提示:将鼠标放在中文语句上可以显示对应的英文。显示中英文
时间:2020-09-14 03:52:19  来源:igfitidea点击:

Plotting data from multiple pandas data frames in one plot

pythonpandasplot

提问by K22

I am interested in plotting a time series with data from several different pandas data frames. I know how to plot a data for a single time series and I know how to do subplots, but how would I manage to plot from several different data frames in a single plot? I have my code below. Basically what I am doing is I am scanning through a folder of json files and parsing that json file into a panda so that I can plot. When I run this code it is only plotting from one of the pandas instead of the ten pandas created. I know that 10 pandas are created because I have a print statement to ensure they are all correct.
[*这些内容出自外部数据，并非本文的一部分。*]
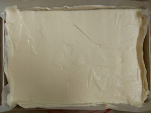 均匀地涂抹卡士达黄油馅。起始边抹齐,末端少抹甚至不抹。

我有兴趣使用来自几个不同 Pandas 数据框的数据绘制时间序列。我知道如何为单个时间序列绘制数据,我知道如何绘制子图,但是我如何设法从单个图中的多个不同数据框中进行绘制?我在下面有我的代码。基本上我正在做的是我正在扫描一个包含 json 文件的文件夹并将该 json 文件解析为一个Pandas,以便我可以绘图。当我运行此代码时,它仅从其中一只Pandas而不是创建的十只Pandas进行绘图。我知道创建了 10 个Pandas,因为我有一个打印语句来确保它们都是正确的。

import sys, re
import numpy as np
import smtplib
import matplotlib.pyplot as plt
from random import randint
import csv
import pylab as pl
import math
import pandas as pd
from pandas.tools.plotting import scatter_matrix
import argparse
import matplotlib.patches as mpatches
import os
import json



parser = argparse.ArgumentParser()
parser.add_argument('-file', '--f', help = 'folder where JSON files are stored')
if len(sys.argv) == 1:
    parser.print_help()
    sys.exit(1)
args = parser.parse_args()


dat = {}
i = 0

direc = args.f
directory = os.fsencode(direc)

fig1 = plt.figure()
ax1 = fig1.add_subplot(111)

for files in os.listdir(direc):
    filename = os.fsdecode(files)
    if filename.endswith(".json"):
        path = '/Users/Katie/Desktop/Work/' + args.f + "/" +filename
        with open(path, 'r') as data_file:
            data = json.load(data_file)
            for r in data["commits"]:
                dat[i] = (r["author_name"], r["num_deletions"], r["num_insertions"], r["num_lines_changed"],
                          r["num_files_changed"], r["author_date"])
                name = "df" + str(i).zfill(2)
                i = i + 1
                name = pd.DataFrame.from_dict(dat, orient='index').reset_index()
                name.columns = ["index", "author_name", "num_deletions",
                                          "num_insertions", "num_lines_changed",
                                          "num_files_changed",  "author_date"]
                del name['index']
                name['author_date'] = name['author_date'].astype(int)
                name['author_date'] =  pd.to_datetime(name['author_date'], unit='s')
                ax1.plot(name['author_date'], name['num_lines_changed'], '*',c=np.random.rand(3,))
                print(name)
                continue

    else:
        continue
plt.xticks(rotation='35')
plt.title('Number of Lines Changed vs. Author Date')
plt.show()

回答by omdv

Quite straightforward actually. Don't let pandas confuse you. Underneath it every column is just a numpy array.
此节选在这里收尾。